» **What you are asked to do**
Output the listing exactly as written, apart from its pictures.

» **Listed records**
┌──
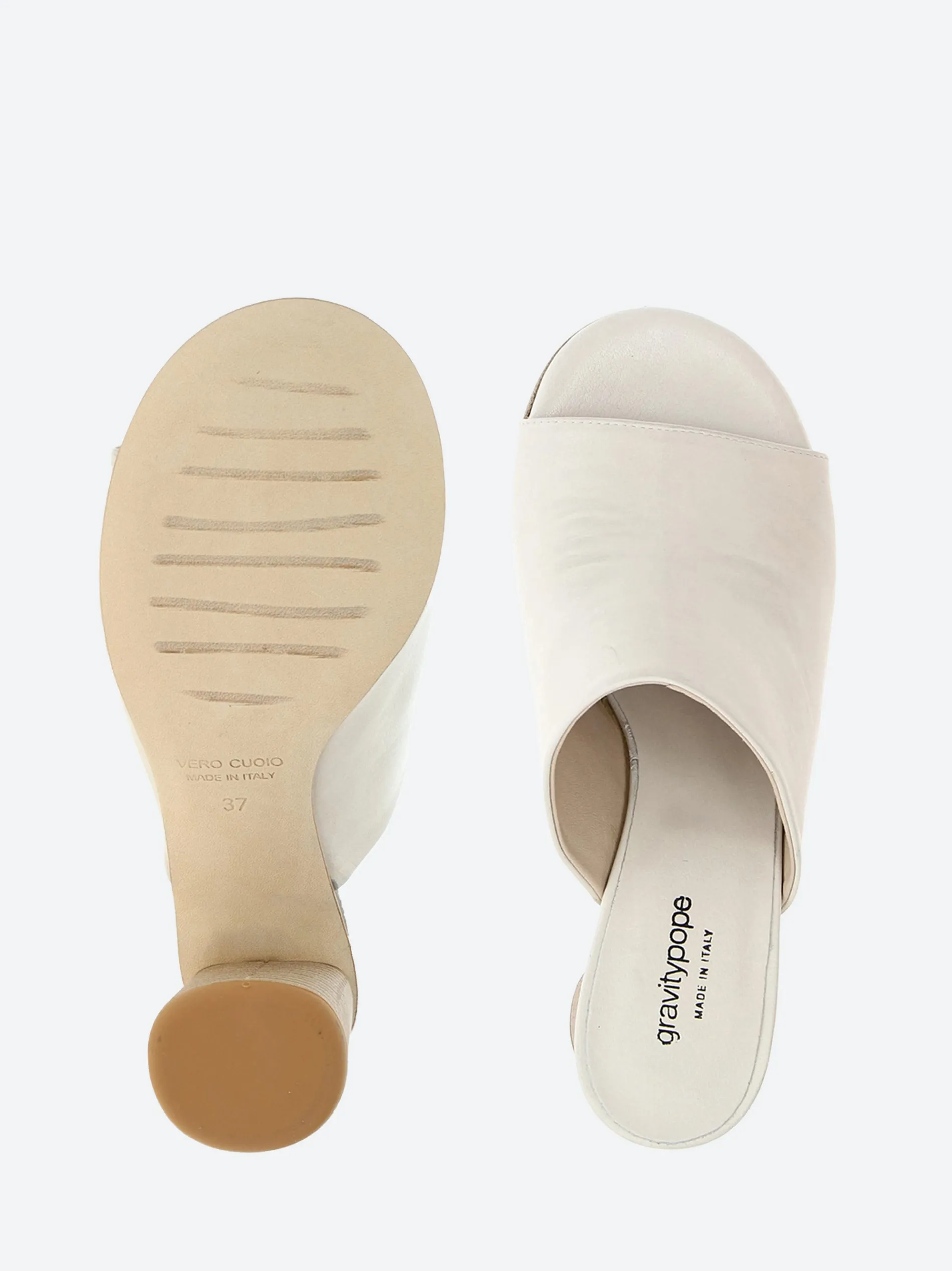 Simply styled, the gravitypope Reese mule sits on a cylindrical block heel.
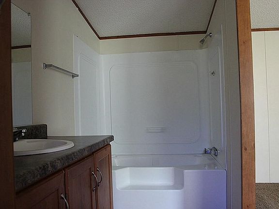 2009 2/2 Single-wide mobile home on 2 lots in Redskin Ridge. Living room has high ceiling, wood burning fireplace, & dark laminate flooring. Living room opens to kitchen with electric freestanding oven, dishwasher and refrigerator. Breakfast bar. Split floorplan. Master bedroom & master bath on one end of the house; secondary bedroom & hall bath on the other end. Both bathrooms have tub/shower combos. Neutral carpet, dark laminate flooring, & neutral paint make this home very attractive!
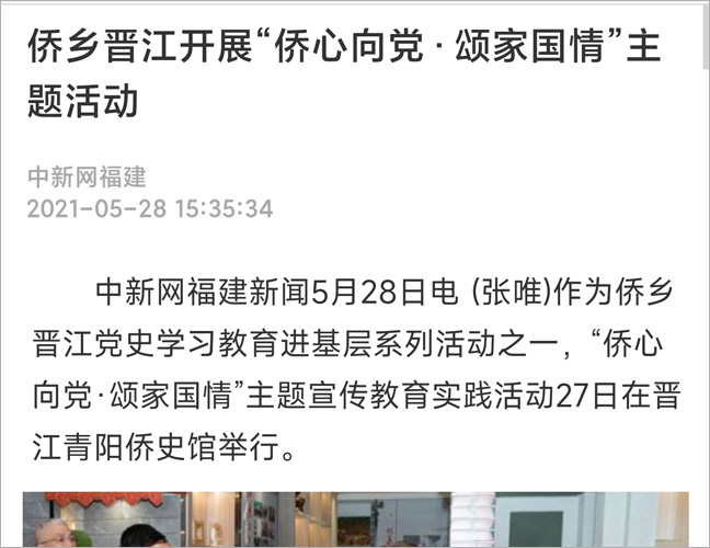 作为侨乡晋江党史学习教育进基层系列活动之一,“侨心向党·颂家国情”主题宣传教育实践活动27日在晋江青阳侨史馆举行。
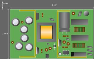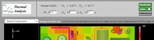 Thermal analysis is a tool to let user to place component, PCB, heatsink, etc. and enter the losses of each component. With just a click and wait for a few second the thermal result will be displayed. User can treat it as a standalone tool to estimate the thermal behaviors of any product. If a power supply has initialized, all the component with its corresponding losses of the power supply will be automatically transfer and synchronous to the thermal analysis tool.
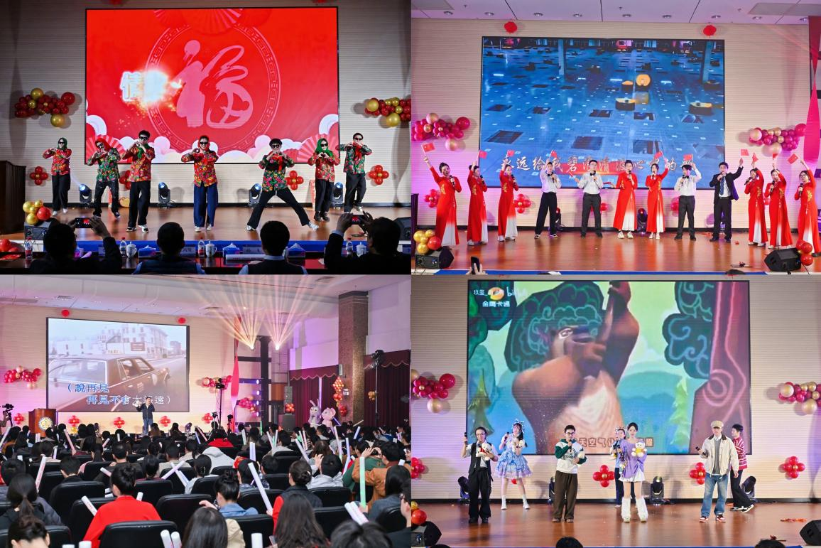 晚會以“研途·初見微光”“礪行·逐夢青春”和“新程·生生不息”三個篇章為脈絡循序展開。開場舞《八方來財》與團舞《Forever young》盡顯青春活力,歌曲《祝?!贰渡胶訜o恙?幸福同行》傳遞溫情祝福與家國情懷,國際學生創(chuàng)新秀《關(guān)雎》巧妙融合古典詩意與現(xiàn)代說唱,朗誦《筑夢灣區(qū),解碼生命——GIBH廿載拓新紀》生動再現(xiàn)研究院二十余載奮斗歷程,三輪抽獎環(huán)節(jié)與互動游戲?qū)⑼頃夥胀葡蚋叱?。超級彩蛋環(huán)節(jié)中,參加國科大集中教學的2025級碩士生、長三角與粵港澳大灣區(qū)畢業(yè)生校友分會通過視頻為研究院送來誠摯的新年祝福,教育處老師與研究生聯(lián)袂獻唱《真的愛你》,以真摯演繹為晚會增添溫情與感動。此外,中國科學院華南植物園、中國科學院廣州化學研究所以及廣州國家實驗室等單位研究生也受邀登臺表演,深化跨單位文化交流。
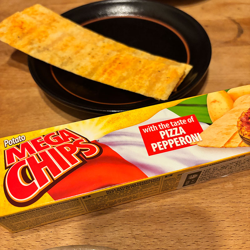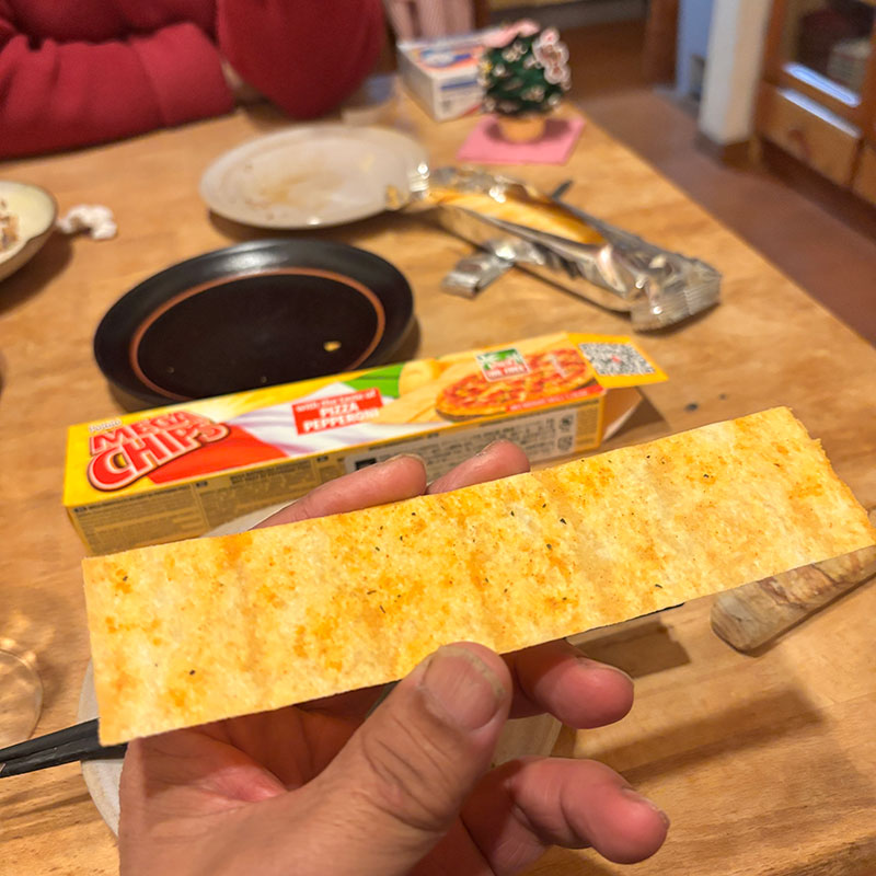 やけにデカくて細長いポテトチップス。パペロニピザ味。
└──
» **Your response**
 Simply styled, the gravitypope Reese mule sits on a cylindrical block heel.
 2009 2/2 Single-wide mobile home on 2 lots in Redskin Ridge. Living room has high ceiling, wood burning fireplace, & dark laminate flooring. Living room opens to kitchen with electric freestanding oven, dishwasher and refrigerator. Breakfast bar. Split floorplan. Master bedroom & master bath on one end of the house; secondary bedroom & hall bath on the other end. Both bathrooms have tub/shower combos. Neutral carpet, dark laminate flooring, & neutral paint make this home very attractive!
 作为侨乡晋江党史学习教育进基层系列活动之一,“侨心向党·颂家国情”主题宣传教育实践活动27日在晋江青阳侨史馆举行。
 Thermal analysis is a tool to let user to place component, PCB, heatsink, etc. and enter the losses of each component. With just a click and wait for a few second the thermal result will be displayed. User can treat it as a standalone tool to estimate the thermal behaviors of any product. If a power supply has initialized, all the component with its corresponding losses of the power supply will be automatically transfer and synchronous to the thermal analysis tool.
 晚會以“研途·初見微光”“礪行·逐夢青春”和“新程·生生不息”三個篇章為脈絡循序展開。開場舞《八方來財》與團舞《Forever young》盡顯青春活力,歌曲《祝?!贰渡胶訜o恙?幸福同行》傳遞溫情祝福與家國情懷,國際學生創(chuàng)新秀《關(guān)雎》巧妙融合古典詩意與現(xiàn)代說唱,朗誦《筑夢灣區(qū),解碼生命——GIBH廿載拓新紀》生動再現(xiàn)研究院二十余載奮斗歷程,三輪抽獎環(huán)節(jié)與互動游戲?qū)⑼頃夥胀葡蚋叱?。超級彩蛋環(huán)節(jié)中,參加國科大集中教學的2025級碩士生、長三角與粵港澳大灣區(qū)畢業(yè)生校友分會通過視頻為研究院送來誠摯的新年祝福,教育處老師與研究生聯(lián)袂獻唱《真的愛你》,以真摯演繹為晚會增添溫情與感動。此外,中國科學院華南植物園、中國科學院廣州化學研究所以及廣州國家實驗室等單位研究生也受邀登臺表演,深化跨單位文化交流。
 やけにデカくて細長いポテトチップス。パペロニピザ味。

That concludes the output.